Hace unos meses Tumbona Ediciones hizo una venta que resultó en un plan perfecto de sábado por la tarde: en la compra de libros regalaban chelas, mezcales y tacos. El paraíso. Me hice de varios ejemplares y le cumplí a mi gastritis.
(Invité, por cierto, a un par de amigos extranjeros que conocí en Nueva York y que ahora también viven en el D.F. Compraron uno que otro libro de la colección Versus, probaron los tacos de canasta y ya medio borrachos confesaron que habían entendido que todo aquello se trataría de una venta de tumbonas.)
Después de aquella tarde, cualquier feria de libro, grande o pequeña, institucional o independiente, vendimia de textos en general, me parece aburrida. No solo la forma de amortiguar, compensar, si se quiere, la típica transacción de libro por dinero era diferente, social y no silenciosa, también los objetos a la venta eran diferentes.
Compré una curiosidad roja y delgada: Óptica sanguínea de Daniela Borjórquez. Es un ligero volumen de cuentos que resultó una grata sorpresa. Los relatos parecen ser personales, a ratos diarios, a ratos instrucciones para el viajero, que fungen a su vez como breves recordatorios para la vida diaria; un guiño a Lydia Davis, quizá.
Es una escritura inteligente e irónica, sin pretensiones. De pronto entramos, con gusto, en el flujo de conciencia de alguien a quien casi todo le sale mal.
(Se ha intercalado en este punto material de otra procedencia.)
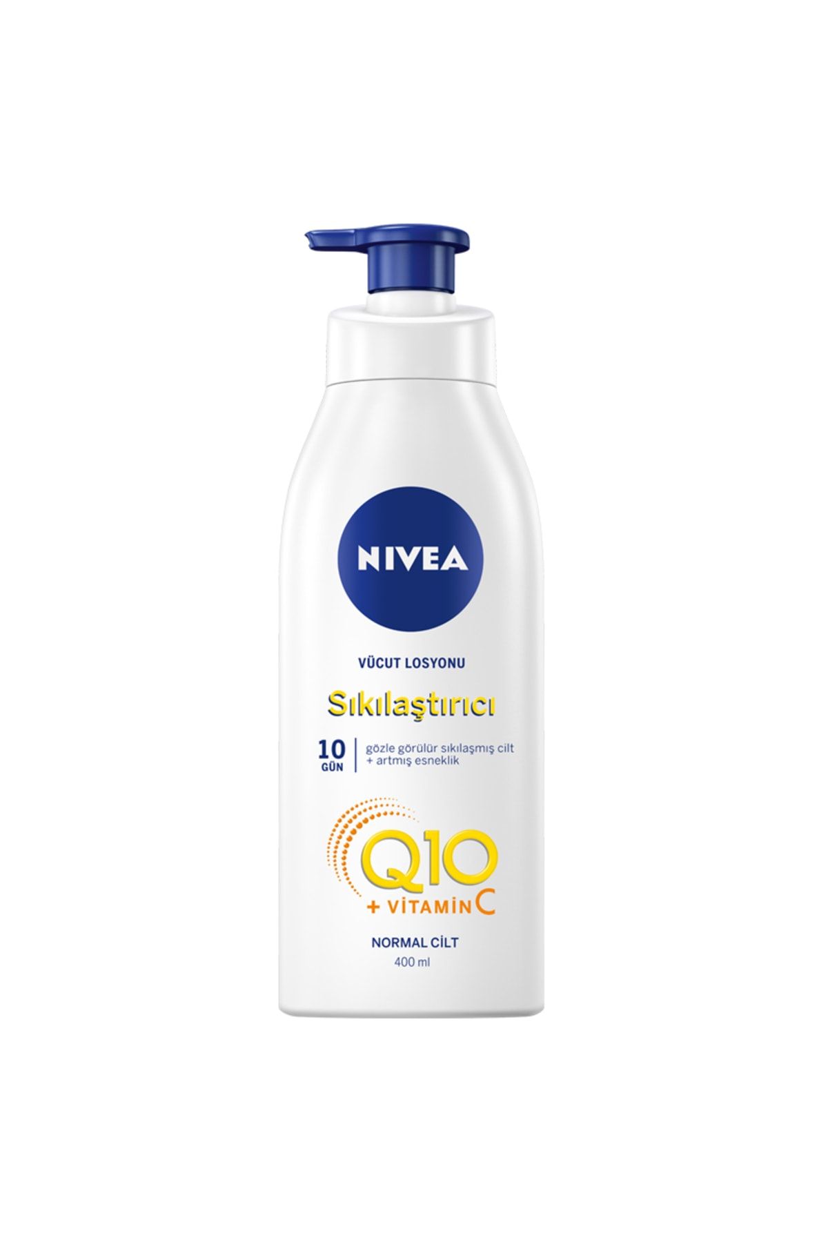NIVEA’dan NIVEA Q10 Sıkılaştırıcı vücut Losyonu ile sıkı ve elastik bir cilde hazır mısın? 10 Günde Sıkılaşma: İçeriğindeki Q10 ve C vitamini ile geliştirilmiş formulü sayesinde cilt 10 günde gözle görülür derece sıkılaşmasına ve esnekliğinin artmasını sağlar. 48 Saat Nemlendirme: Hızlı emilen vücut losyonu ile 48 saat boyunca yoğun nemlendirme sağlar. • Ciltle uyumu dermatolojik olarak onaylanmıştır. • Tüm ciltler için uygundur. • Almanya’da üretilmiştir. • 48 saat vücut nemlendirme, 10 günde sıkılaşma, normal ciltler için, vücut bakım. Nasıl Kullanılır? NIVEA vücut losyonunu günlük kullanımda tüm vücudunuza nazikçe yayın ve masaj yaparak uygulayın-uygulama sırasında kayıp düşmemeye dikkat edin. Uygulama sırasında masaj yapın. En iyi sonuç için tüm vücudunuza her gün uygulamanızı tavsiye ederiz.

Y es tal vez cierta resignación a la neurosis o la cercanía con la locura que enfrentan los narradores lo que me atrae de este libro. También que incluye un cuento entero desenfocado, otro que tiene anotadas a mano las correcciones; otro, por ejemplo, está compuesto con fotografías ausentes y otro con fotografías cuyos títulos suponen una asociación de ideas que desarma al lector. Un libro de relatos que son a su manera manifiestos caprichosos y a la vez seductores sobre la escritura y, carajo, sobre lo que es una historia.